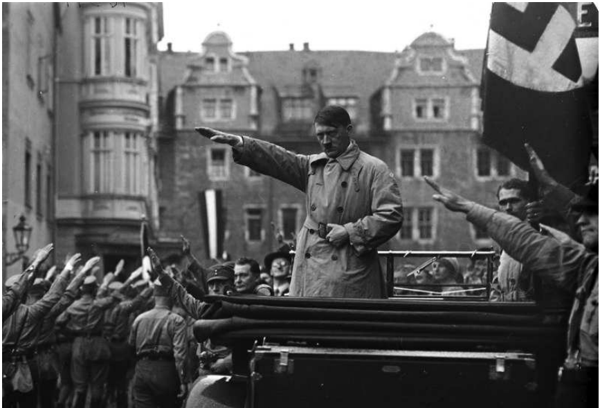
Adolf Hitler in 1930

De Oostenrijker Adolf Hitler is met steun van een bevolking die gebukt gaat onder de represaillemaatregelen als gevolg van de Eerste Wereldoorlog, vanaf 1933 aan de macht in Duitsland. Hitler bouwt Duitsland economisch weer op en geeft de bevolking zelfvertrouwen. De leider van de nazipartij droomt groot en met veel bluf weet hij zijn eerste stappen te zetten naar zijn utopie, 'het Derde Rijk'. Met het geweldloos inlijven van Oostenrijk bereikt Hitler zijn eerste doel. Daarna bezet hij het Sudetenland, aan de oostkant van Duitsland. Het pokerspel lijkt te werken, want de regerende Europese grootmachten, Groot-Brittannië en Frankrijk, grijpen niet in.
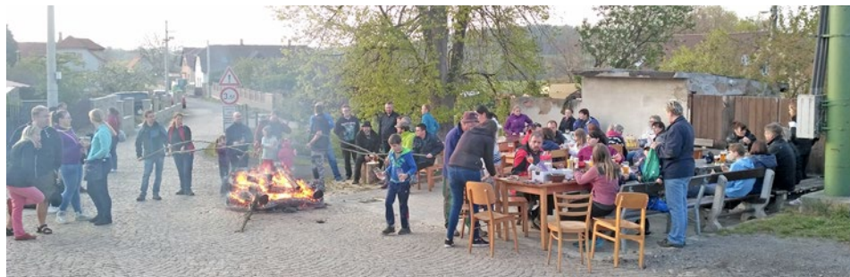
Pálení čarodějnic Nouzov

• [THE TASK] Omit the pictures, then give all the lines above again exactly.

• [TASK RESULT]
Adolf Hitler in 1930

De Oostenrijker Adolf Hitler is met steun van een bevolking die gebukt gaat onder de represaillemaatregelen als gevolg van de Eerste Wereldoorlog, vanaf 1933 aan de macht in Duitsland. Hitler bouwt Duitsland economisch weer op en geeft de bevolking zelfvertrouwen. De leider van de nazipartij droomt groot en met veel bluf weet hij zijn eerste stappen te zetten naar zijn utopie, 'het Derde Rijk'. Met het geweldloos inlijven van Oostenrijk bereikt Hitler zijn eerste doel. Daarna bezet hij het Sudetenland, aan de oostkant van Duitsland. Het pokerspel lijkt te werken, want de regerende Europese grootmachten, Groot-Brittannië en Frankrijk, grijpen niet in.
Pálení čarodějnic Nouzov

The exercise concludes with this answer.